Supported flags for functions:
``basename``
The basename to use for the generated C functions.
By default this is the name of the function from
the DSL, only with periods replaced by underscores.
``positional-only``
This function only supports positional parameters,
not keyword parameters. See `Functions With
Positional-Only Parameters`_ below.
Supported flags for parameters:
``bitwise``
If the Python integer passed in is signed, copy the
bits directly even if it is negative. Only valid
for unsigned integer types.
``converter``
Backwards-compatibility support for parameter "converter"
functions. [6]_ The value should be the name of the converter
function in C. Only valid when the type of the parameter
is ``void *``.
``default``
The Python value to use in place of the parameter's actual
default in Python contexts. Specifically, when specified,
this value will be used for the parameter's default in the
docstring, and in the ``Signature``. (TBD: If the string is a
valid Python expression, renderable into a Python value
using ``eval()``, then the result of ``eval()`` on it will be used
as the default in the ``Signature``.) Ignored if there is no
default.
``encoding``
Encoding to use when encoding a Unicode string to a ``char *``.
Only valid when the type of the parameter is ``char *``.
``group=``
This parameter is part of a group of options that must either
all be specified or none specified. Parameters in the same
"group" must be contiguous. The value of the group flag
is the name used for the group variable, and therefore must
be legal as a C identifier. Only valid for functions
marked "``positional-only``"; see `Functions With
Positional-Only Parameters`_ below.
``immutable``
Only accept immutable values.
``keyword-only``
This parameter (and all subsequent parameters) is
keyword-only. Keyword-only parameters must also be
optional parameters. Not valid for positional-only functions.
``length``
This is an iterable type, and we also want its length. The
DSL will generate a second ``Py_ssize_t`` variable;
its name will be this parameter's name appended with
"``_length``".
``nullable``
``None`` is a legal argument for this parameter. If ``None`` is
supplied on the Python side, the equivalent C argument will be
``NULL``. Only valid for pointer types.
``required``
Normally any parameter that has a default value is
automatically optional. A parameter that has "required"

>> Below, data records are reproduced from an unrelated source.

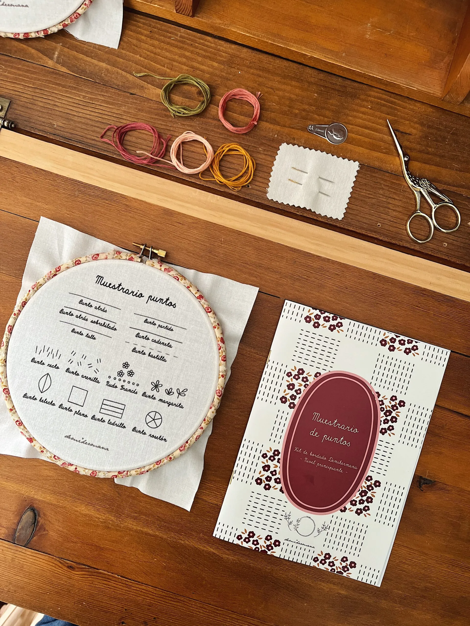 - Soporte visual de vídeo con el paso a paso de las puntadas, disponible en el área de usuario en www.demihermana.com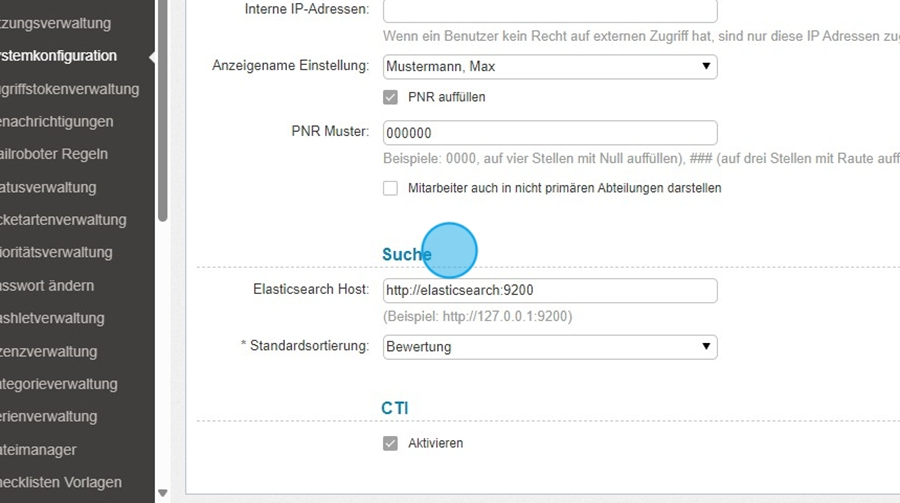 Im unteren Bereich des Reiters „Suche“ befindet sich der Suchserver ElasticSearch.
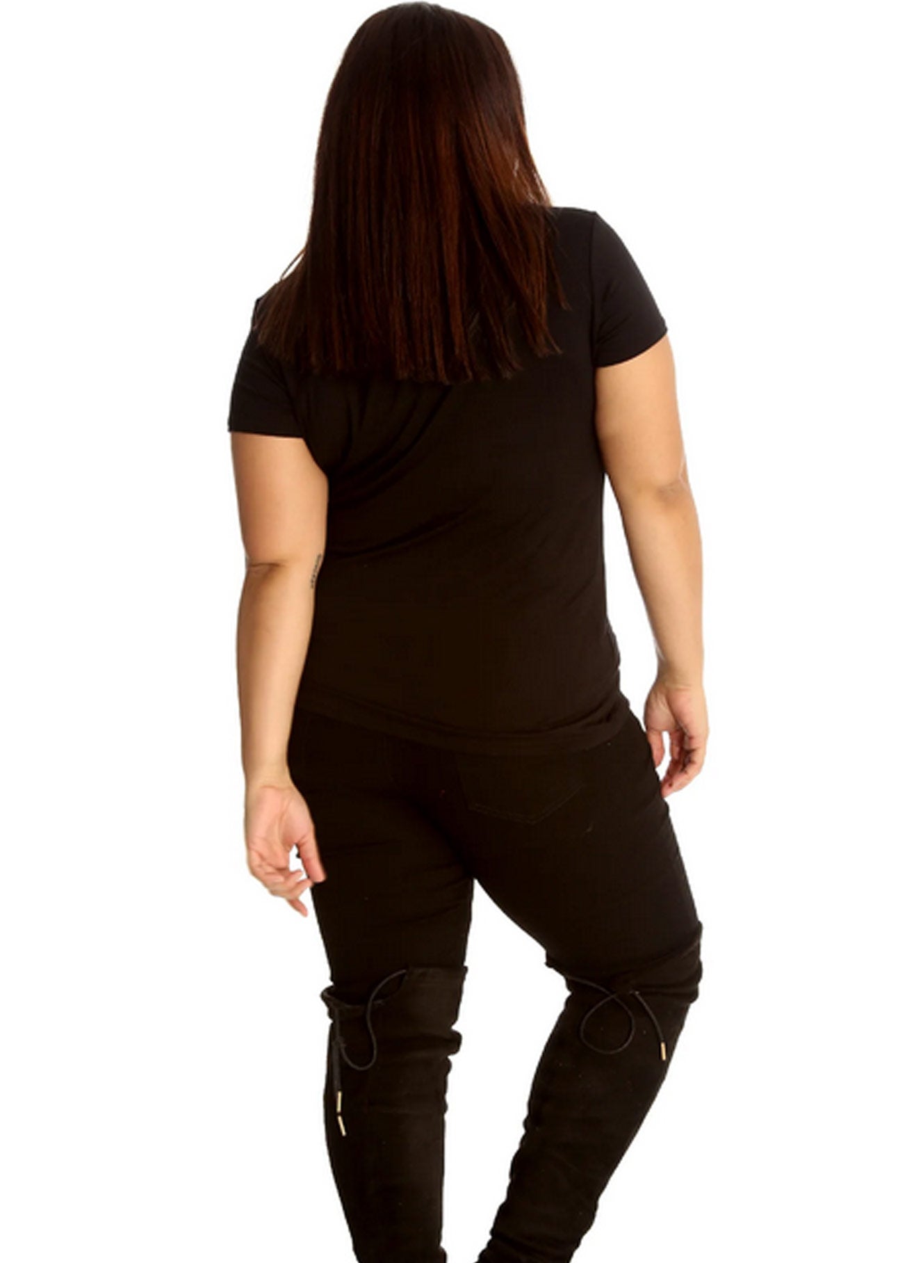 Klassískt rúnnað hálsmál og stuttar ermar.
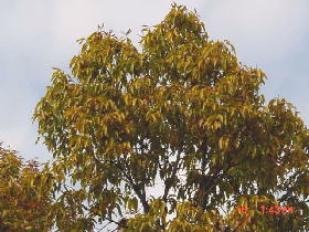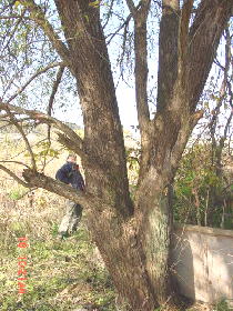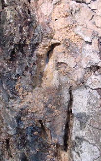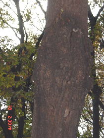 巨木を見上げるPさん。 なんと、樹液がにじみ出ていた。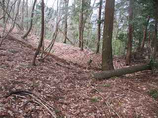 堀切を越えたところが3郭。ここは傾斜地形のままである。北側には土塁が盛られている。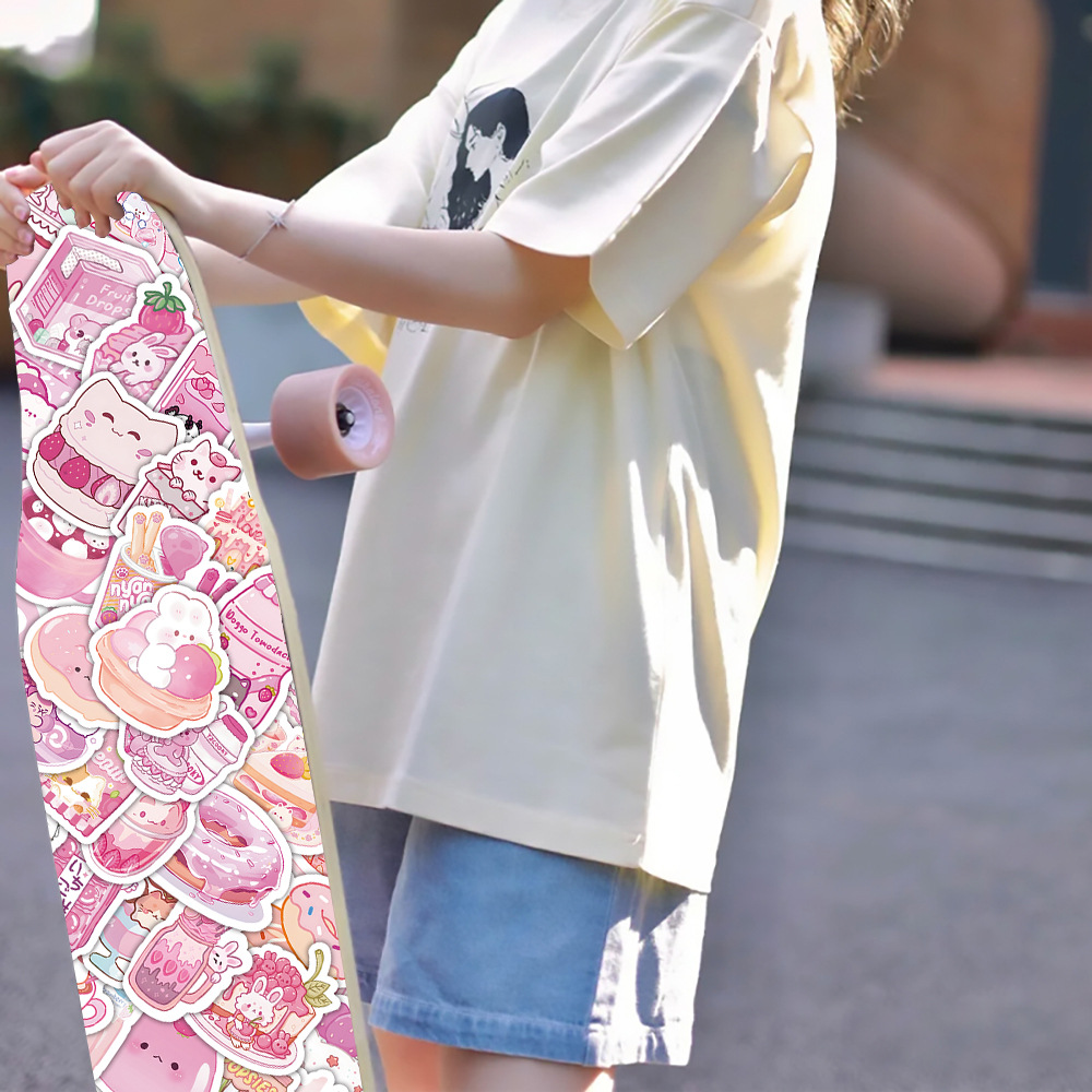 100張粉色卡通零食貼紙 飾小貼畫 可愛少女心DIY手機殼手賬自粘裝由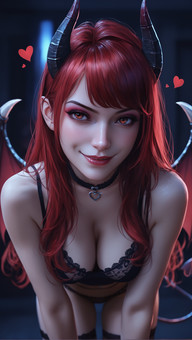 #devilgirl #monstergirl #nakedfemale #orangeeyes #orangehair #succubus #succubusgirl #topless #seethroughclothes #toplessfemale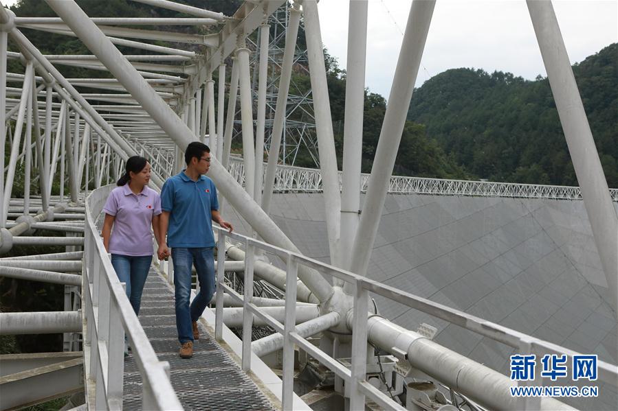 孫純(左)與石向瑋在FAST總控室內觀看FAST全景圖(8月9日攝) 新華社記者張傳奇 攝 在世界最大單口徑射電望遠鏡——500米口徑球面射電望遠鏡(FAST)項目組,光信息科學專業畢業的孫純和熱能與動力工程專業畢業的石向瑋因FAST結緣,在今年7月完婚。他們的結合,被同事們戲稱為“光”與“熱”的結合。 -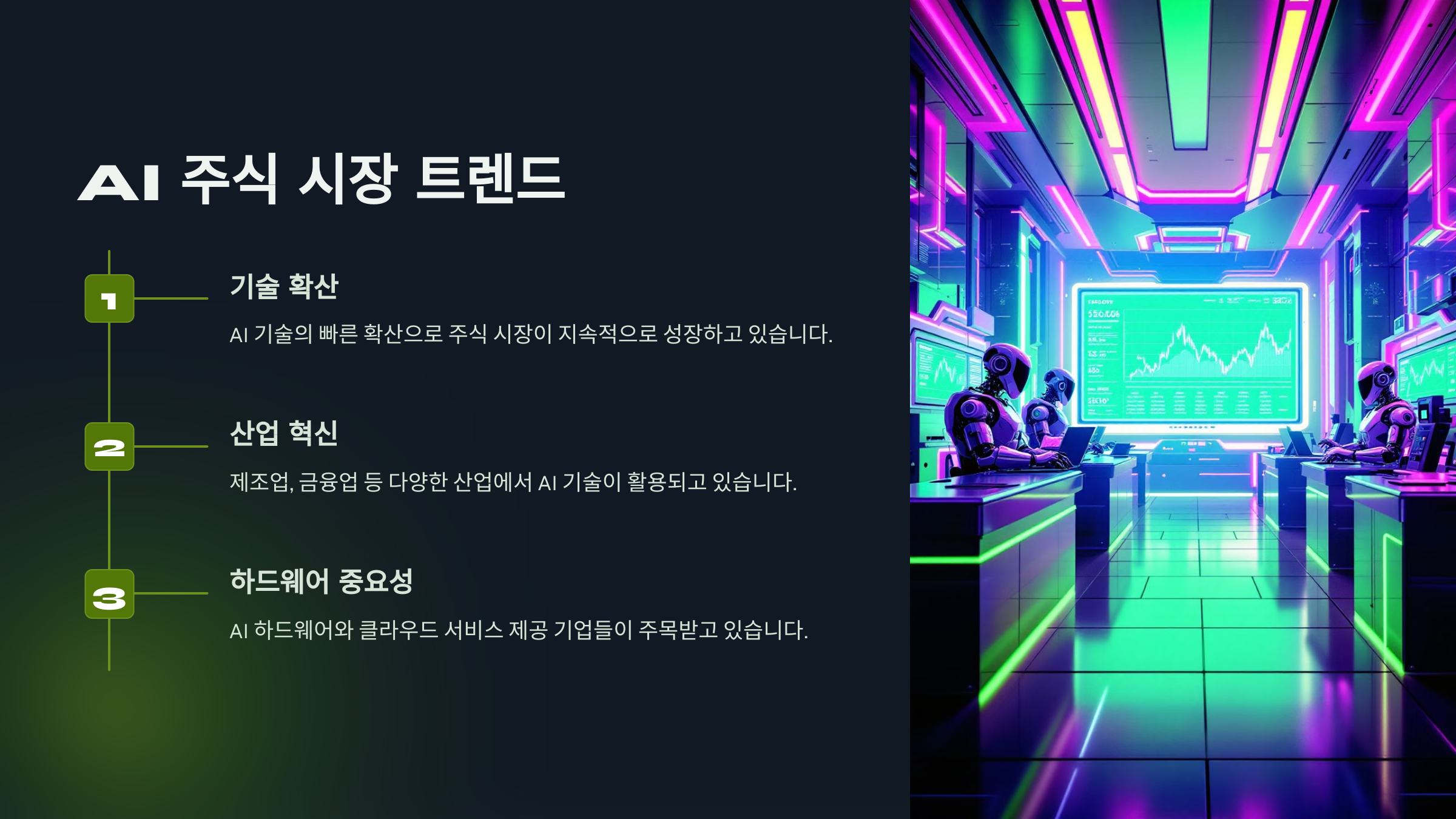 AI 관련 주식 시장은 혁신적인 기술의 빠른 확산과 함께 지속적으로 성장하고 있어요. 최근 몇 년간 AI 기술에 대한 투자 열기가 뜨거워지면서, 많은 기업들이 AI 기술을 중심으로 사업 구조를 재편하고 있답니다.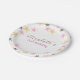 This pretty pink "twinkle twinkle little star" themed birthday paper plate is perfect for a baby girl's first birthday party. It features a star pattern on a white background, faux glitter accents, and text that you can customise with your own details. The template is customisable in the listing editor.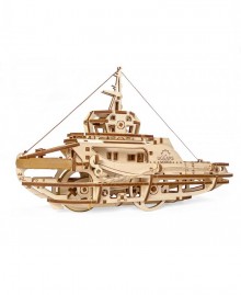 The wooden 3d puzzle "Tug" embodied a classic image, preserving the smooth lines of the sides, a low mast and a wide deck.

set will be considered required (non-optional) even if
it has a default value. The generated documentation
will also not show any default value.
``types``
Space-separated list of acceptable Python types for this
object. There are also four special-case types which
represent Python protocols:
* buffer
* mapping
* number
* sequence
``zeroes``
This parameter is a string type, and its value should be
allowed to have embedded zeroes. Not valid for all
varieties of string parameters.
Python Code
-----------
Argument Clinic also permits embedding Python code inside C files,
which is executed in-place when Argument Clinic processes the file.
Embedded code looks like this:
::
/*[python]
# this is python code!
print("/" + "* Hello world! *" + "/")
[python]*/
Any Python code is valid. Python code sections in Argument Clinic
can also be used to modify Clinic's behavior at runtime; for example,
see `Extending Argument Clinic`_.
Output
======
Argument Clinic writes its output in-line in the C file, immediately after
the section of Clinic code. For "python" sections, the output is
everything printed using ``builtins.print``. For "clinic" sections, the
output is valid C code, including:
* a ``#define`` providing the correct ``methoddef`` structure for the
function
* a prototype for the "impl" function--this is what you'll write to
implement this function
* a function that handles all argument processing, which calls your
"impl" function
* the definition line of the "impl" function
* and a comment indicating the end of output.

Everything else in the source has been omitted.